- **Assignment**:
Reproduce each line below precisely. Drop the pictures.

- **Recorded data**:
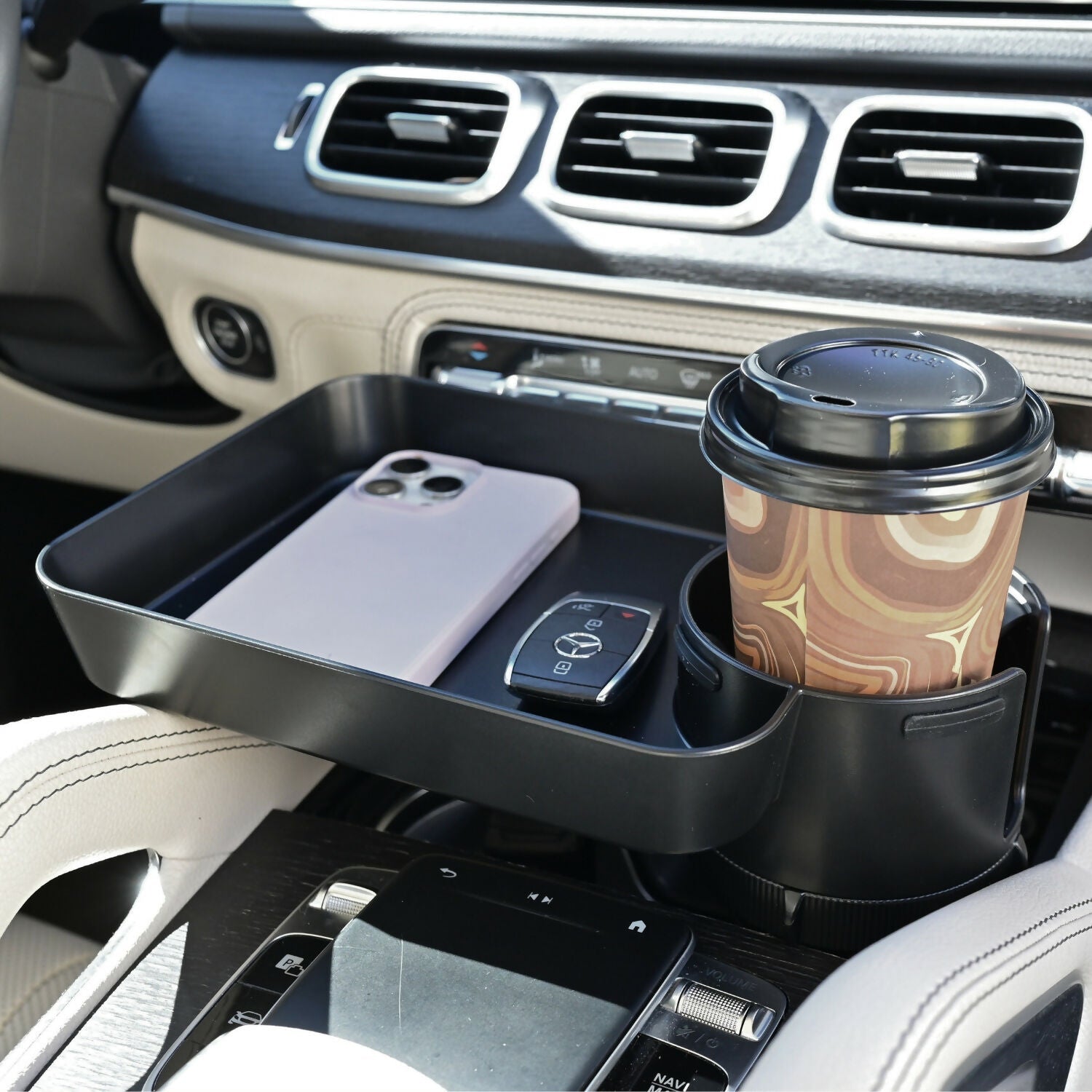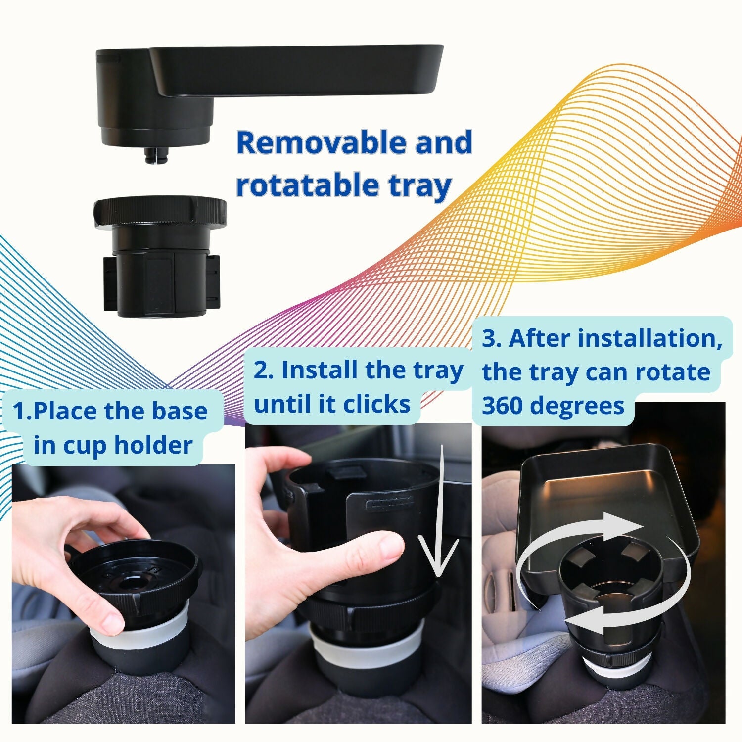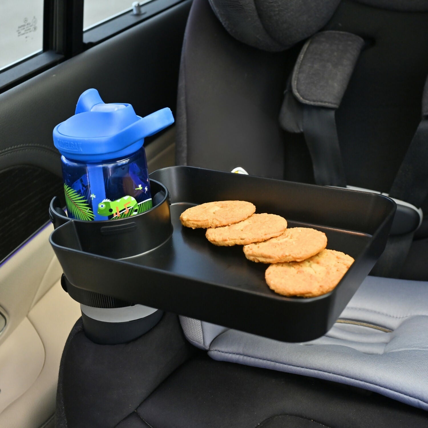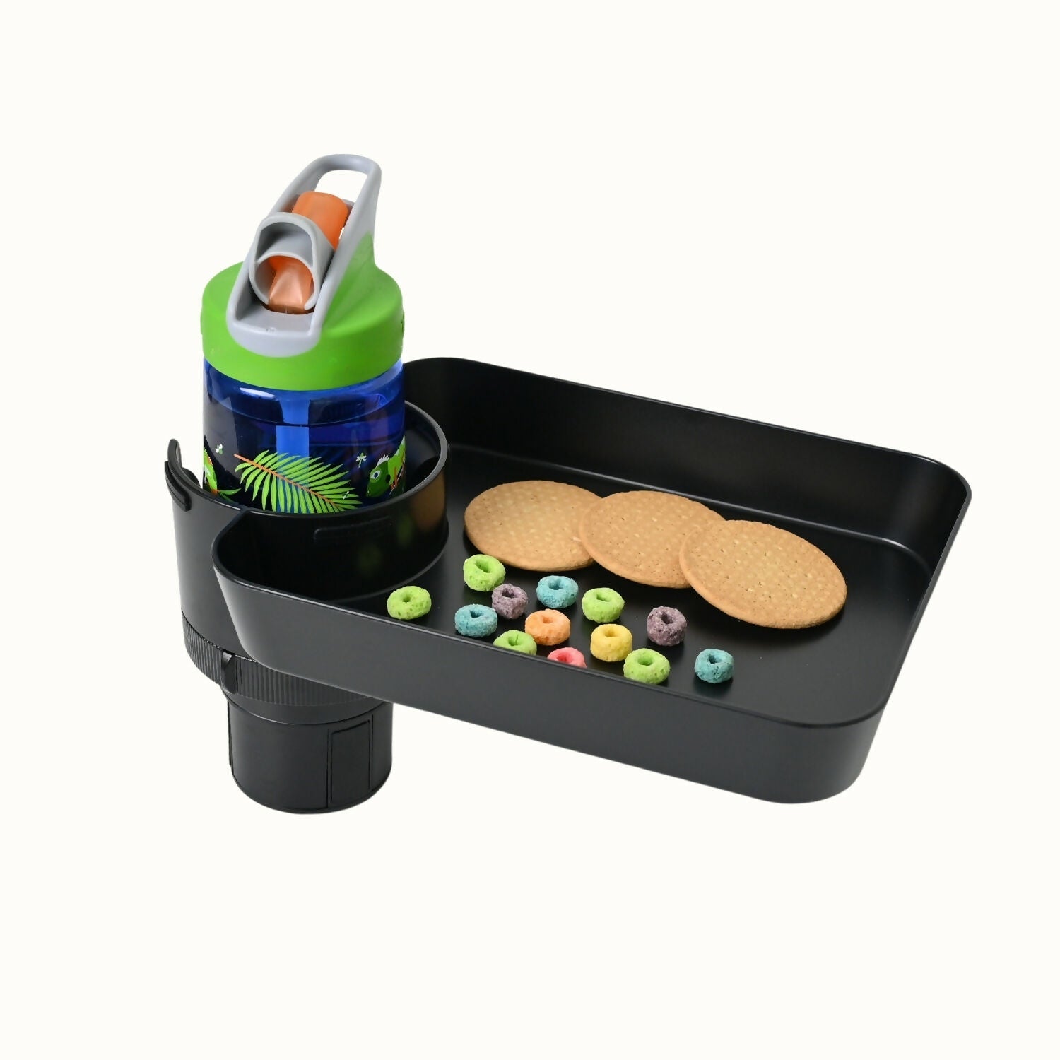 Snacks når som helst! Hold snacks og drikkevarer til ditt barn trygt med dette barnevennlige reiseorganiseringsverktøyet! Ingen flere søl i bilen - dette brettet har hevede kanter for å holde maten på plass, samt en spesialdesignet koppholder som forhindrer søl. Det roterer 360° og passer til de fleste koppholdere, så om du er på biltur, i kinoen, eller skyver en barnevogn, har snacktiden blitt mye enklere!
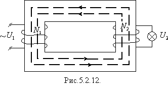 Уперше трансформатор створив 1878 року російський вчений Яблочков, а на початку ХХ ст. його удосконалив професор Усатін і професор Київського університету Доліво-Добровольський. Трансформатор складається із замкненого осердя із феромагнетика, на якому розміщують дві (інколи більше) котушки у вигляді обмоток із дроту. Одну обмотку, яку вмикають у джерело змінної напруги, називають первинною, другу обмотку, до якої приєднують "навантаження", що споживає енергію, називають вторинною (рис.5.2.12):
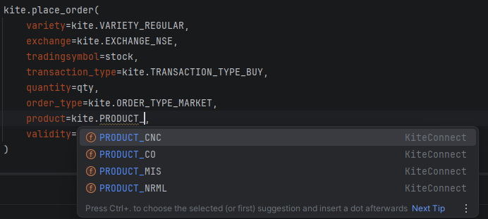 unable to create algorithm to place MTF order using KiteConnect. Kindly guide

- **Answer box**:
 Snacks når som helst! Hold snacks og drikkevarer til ditt barn trygt med dette barnevennlige reiseorganiseringsverktøyet! Ingen flere søl i bilen - dette brettet har hevede kanter for å holde maten på plass, samt en spesialdesignet koppholder som forhindrer søl. Det roterer 360° og passer til de fleste koppholdere, så om du er på biltur, i kinoen, eller skyver en barnevogn, har snacktiden blitt mye enklere!
 Уперше трансформатор створив 1878 року російський вчений Яблочков, а на початку ХХ ст. його удосконалив професор Усатін і професор Київського університету Доліво-Добровольський. Трансформатор складається із замкненого осердя із феромагнетика, на якому розміщують дві (інколи більше) котушки у вигляді обмоток із дроту. Одну обмотку, яку вмикають у джерело змінної напруги, називають первинною, другу обмотку, до якої приєднують "навантаження", що споживає енергію, називають вторинною (рис.5.2.12):
 unable to create algorithm to place MTF order using KiteConnect. Kindly guide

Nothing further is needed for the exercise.